Spatiotemporal modelling of induced seismicity with a stress-based statistical approach applied to different production sites

In the framework of the Geo:N project SECURE (Sustainable dEployment and Conservation of Underground Reservoirs and Environment) we developed a Python software toolbox to model the rate and distribution of seismicity induced by anthropogenic stress changes at various production sites (gas production, hydrofracturing, gas storage). This toolbox tests different frictional behavior of the underground (linear or rate-and-state stressing rate dependent, critically or subcritically prestressed faults) and takes into account the uncertainties of the production site parameters. The knowledge on the location and orientation of pre-existing faults can be considered as well. Model parameters are estimated by fitting the model to recorded historical seismicity using a maximum likelihood approach. We discuss applications at conventional gas fields, hydraulic fracturing experiments and an aquifer gas storage site, covering a wide range of spatial and temporal scales of induced seismicity in different settings and for different production schemes. This enables to investigate the underlying physical processes by the comparison of the different models. Additionally, the model parameters are linked to frictional material properties and the best performing model can be used to forecast the seismicity rates in space and time with their uncertainties according to the production plans.

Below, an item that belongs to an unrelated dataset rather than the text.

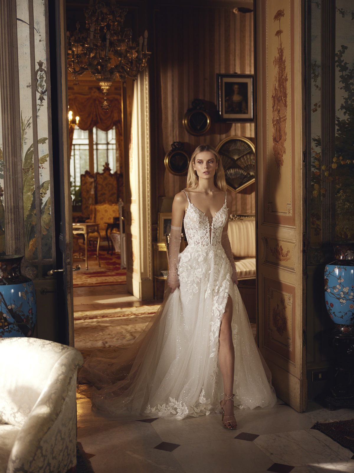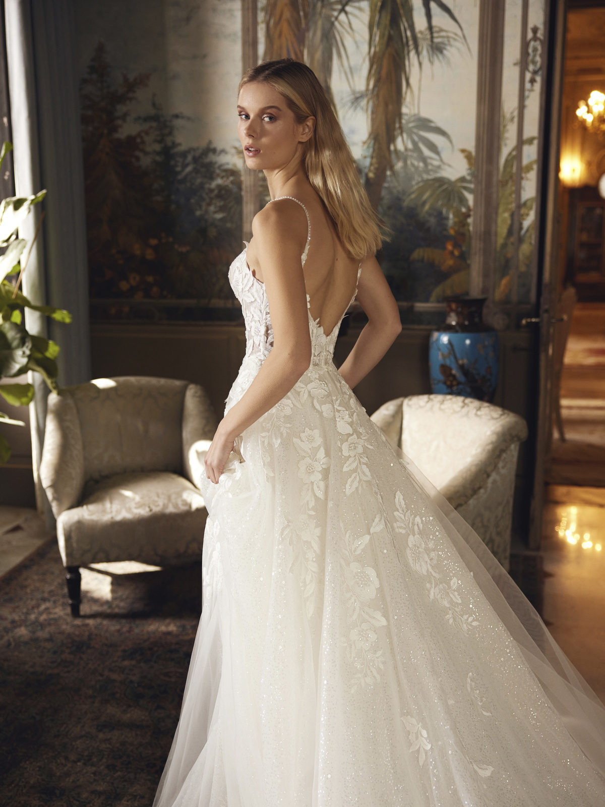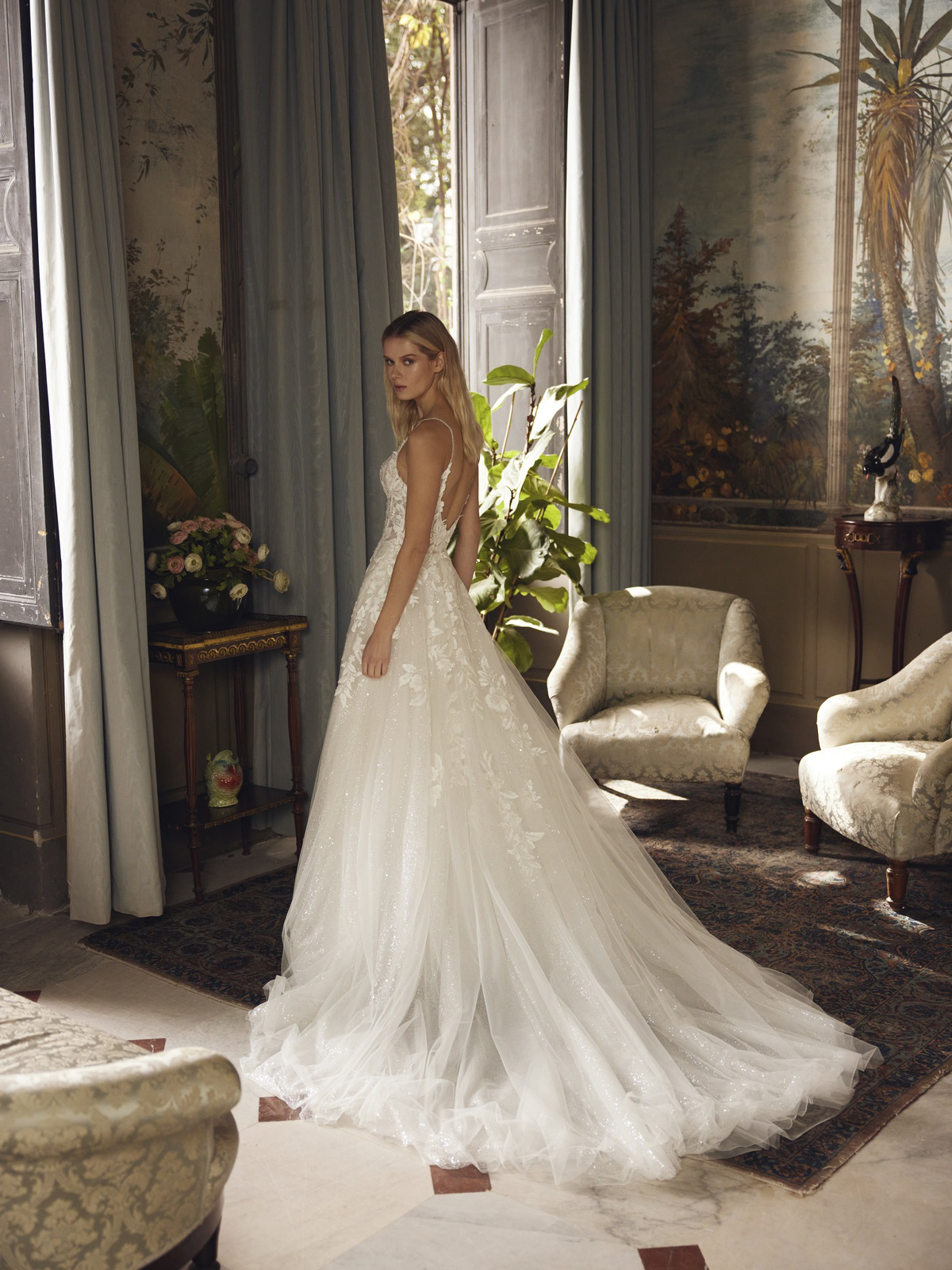 Licht, weelderig en sensueel, stijl 1293 is een droomjurk met fijne spaghetti bandjes, een verleidelijk korset en diep uitgesneden lijfje. Het weelderige kant over de zachte tule rok voegt een vleugje luxe charme toe aan deze prachtige jurk.

Induced seismicity at gas fields in the Northern Netherlands and in Germany have similar tectonic settings but very different extents, depths and production histories. The data set of two sites are compared which both show a large delay of the first recorded seismicity after the start of production. Using our model we can reproduce the long delay for both sites. Thanks to the long and detailed data set we successfully reproduce the spatiotemporal pattern of the seismicity of one site, whereas the limited number of seismic events result in large uncertainties for the other site. In the comparative testing of the models the critically prestressed rate-and-state model performs best. This means that the complete stressing history influences the resulting seismicity. We also applied the model to a hydraulic fracturing experiment in granite comparing data sets for different fracturing methods and different phases of a stimulation experiment. Hundreds of microearthquakes are localized in a volume of roughly 15x15m with increasing number of events for later refraction stages indicating the growth of rock fracturing. A third application is run for a gas storage in an aquifer layer, which is loaded by injection and production operations. Here the proportion of the tectonic versus the anthropogenic induced seismicity is investigated analyzing the varying number of small local earthquakes in the region.